KARACHI Jan 7 (Reuters) - Pakistan's MQM party said on Friday it will rejoin the ruling coalition, restoring its parliamentary majority, after the government put off reforms demanded by the International Monetary Fund (IMF).
The reforms, including a fuel price increase and a sales tax, are part of a program agreed in exchange for an $11 billion IMF loan and their delay will likely infuriate the IMF and dismay nuclear-armed Pakistan's Western allies.
Investors would also be dismayed, analysts said.
The Muttahida Qaumi Movement (MQM), the second largest party in the coalition, defected to the opposition on January 2, depriving the government, a strategic U.S. ally, of its majority, sparking a political crisis and raising the prospect of an early election.
"MQM in a gesture of goodwill, for the promotion of democracy and in the face of critical condition of the country, will again sit on the treasury benches," Raza Haroon, a top party leader, told reporters as he stood with Prime Minister Yusuf Raza Gilani.
But Haroon said the MQM would not immediately rejoin the federal cabinet, indicating the party was holding out for more concessions.
The MQM, which dominates the country's financial capital Karachi, cited a new year fuel price increase as the main reason for its defection.
On Thursday, the government canceled the fuel price rise, prompting sharp criticism from both the IMF and U.S. Secretary of State Hillary Clinton.
In another blow to the economic reform programme, Gilani said on Friday a reformed general sales tax (RGST) would be put off until a political consensus could be reached.
"We have deferred ... We will not go forward until consensus is evolved," he said.
The MQM had strongly opposed the tax, calling it regressive.
The government, grappling with a widening fiscal deficit, has a woeful record on revenue collection. Pakistan has a tax-to-gross domestic product (GDP) ratio of about 10 percent, one of the lowest in the world.
A ROCK AND A HARD PLACE
The IMF wants greater fiscal discipline from the government through painful measures such as the sales tax, a condition for the loan's final two payments, worth more than $3 billion and spread over nine months through to September 30.
IMF officials were not available for comment on the decision to delay the sales tax but on Thursday both the IMF and the United States criticized the decision to rollback the fuel price increase.

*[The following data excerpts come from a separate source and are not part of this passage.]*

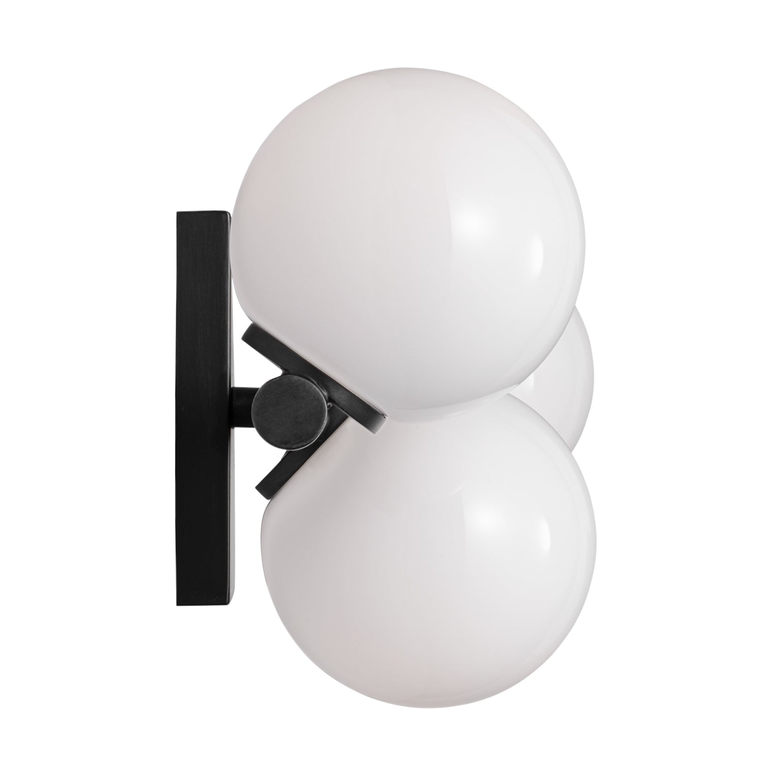 • Modern wall light features simple metal structures with elegant milk glass globes inspired by floating bubbles for airy elegance
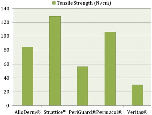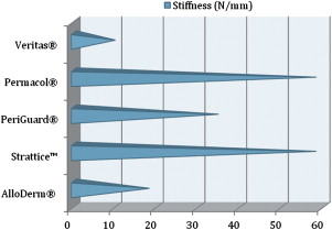 A few biomechanical differences that are of clinical relevance exist between the various ADMs. AlloDerm ® has been reported to have increased elasticity compared with DermaMatrix ® and Strattice™. This quality is relevant in situations in which increased elasticity is preferred, such as in addressing capsular contracture, or when the goal is for the ADM to conform to the inferolateral curvature of the breast. When the ADM is needed to provide support, such as in repositioning a displaced implant, a less elastic ADM like Strattice™ is preferred. Figs. 1–3 provide a comparison of the different biomechanical properties of various types of biologic meshes.
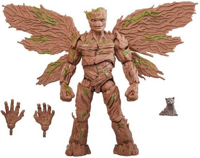Grown into a more mature tree, Groot uses his new body changes and more advanced skills to help build Knowhere and protect his family. This collectible 6-inch-scale Marvel Legends figure is detailed to look like the Groot character from Marvel Studios’ Guardians of the Galaxy Vol. 3, featuring premium detail, multiple points of articulation, and 4 movie-inspired accessories including a Baby Rocket figure. With over 80 years of entertainment history, Marvel has become a cornerstone of fan collections around the world. With the Marvel Legends Series, fan favorite Marvel Comic Universe and Marvel Cinematic Universe characters are designed with premium detail and articulation for posing and display in collections. From figures to vehicles to premium roleplay items, the Marvel Legends Series offers elite character-inspired products for Marvel fans and collectors.
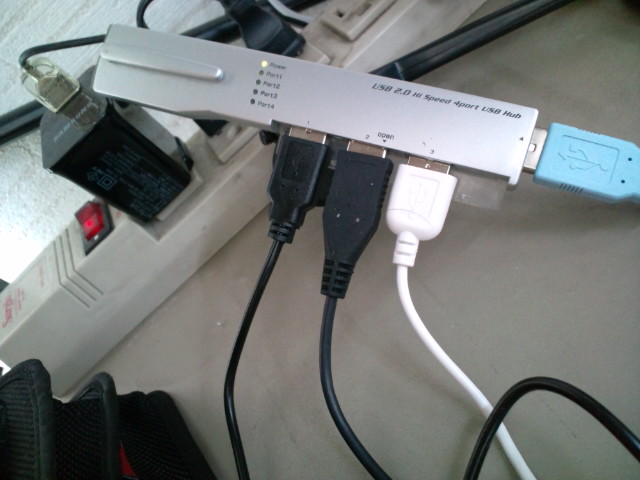 USBハブに各種ケーブルを挿し込んで、、、
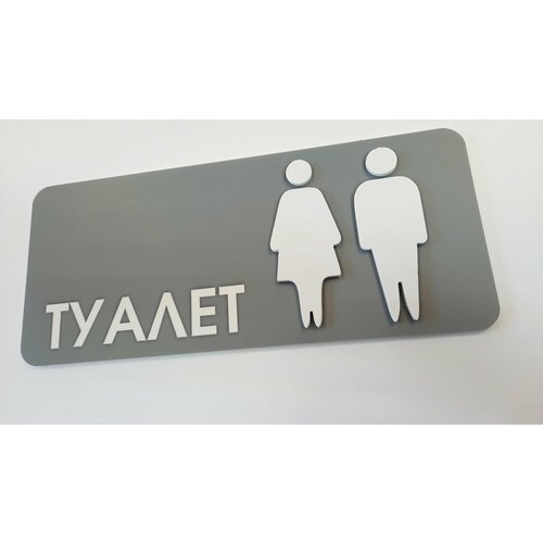 Табличка туалет с 3д эффектом выпуклые фигуры серая
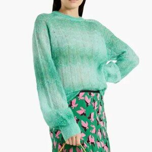 Diane Von Furstenberg Jandina Metallic Dégradé Crochet Knit Sweater Jade XS DVF

"We have made it clear, as I did in a meeting with their ambassador, that we think it is a mistake to reverse the progress that was being made to provide a stronger economic base for Pakistan," U.S. Secretary of State Hillary Clinton told a news conference.
The cancellation of the 9 percent fuel price increase, will mean the government will have to make up the difference when prices rise, increasing its spending and widening its budget deficit by as much as 0.2 to 0.3 percentage points of GDP in the 2010-2011 fiscal year, analysts estimated.
The reversal of the price increase would cost the government about 5 billion rupees ($58 million) a month, a senior Petroleum Ministry official said.
Combined with the delay in implementing the new reformed sales tax, analysts said the deficit target of 4.7 percent of GDP for this fiscal year would be almost impossible to achieve.
According to official sources, for the six months ending on December 31, the deficit stood at a provisional 2.6 percent of GDP.
In the past, the IMF has granted Pakistan waivers for overshooting deficit targets and may do the same again to avoid further destabilizing the major Western ally, which is vital to efforts to bring stability to neighboring Afghanistan.
But financial market analysts were dismayed by the government's decisions.
"It sends out a very negative signal to the lenders and investors that the reform implementation will not happen," said Asif Qureshi, director at Invisor Securities Ltd.
"Rather than providing the so-called relief to the common man, it will eventually become an added cost for them. The economic consequences of not implementing reforms will be huge."